Practically speaking, Attendance means the time your employee spends at work, from the moment they walk into the office (or sign in from Home office) until they stop working at the end of their workday, minus the time they spend on breaks. Attendance is typically tracked by employees stamping "start work" and "end work" on virtual time clocks or time clock terminals.
In contrast to that, Work Time means the time your employee spends working on certain tasks or projects. Work time is tracked by employees booking time on Business Processes in the system, which will be explained in more detail later.
The two overlap, but while Work Time only counts time dedicated to specific projects, Attendance also includes time spent walking around the office, 2-minute-talks to other employees, checking emails on various topics, and other work related actions which are not specifically assigned to a project.
Technically speaking, in your Hubdrive system, Attendance and Work Time are differentiated as follows;
An Attendance is made of at least 2 attendance details:
- Start work
- End work
Based on those entries, a record is created and the system can identify how much time the employee really spent working, not considering the breaks (if there are any).

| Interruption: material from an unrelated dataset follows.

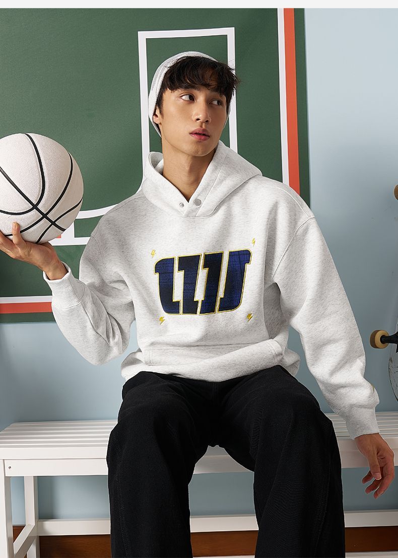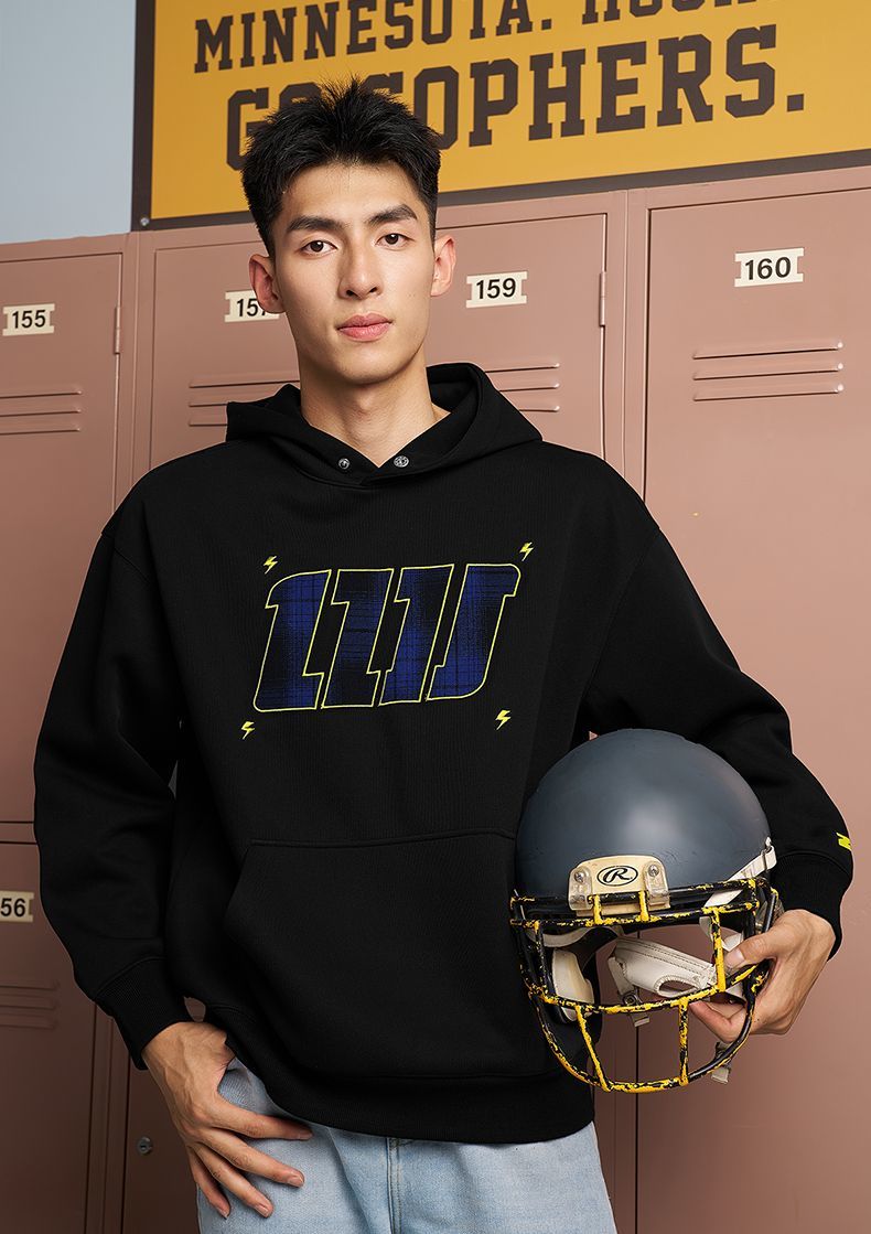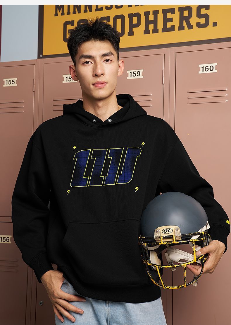 有志者UZIS美式潮流刺绣卫衣男秋季宽松复古重磅运动套头衫明星

To measure Work Time, the system first needs to know which Projects (in Hubdrive, called Business Processes) your employees should spend time on. Once those Business processes have been created, the employee can connect their working hours to Business Processes, so the Supervisors can visualize how much time was dedicated to each individual process, if there are more than one.
Those entries, created in the attendance, then will be linked to the daily summaries, where is possible to have a complete overview of the work hours during that specific day. Here, Supervisors or HR Managers can approve the work hours of the employee.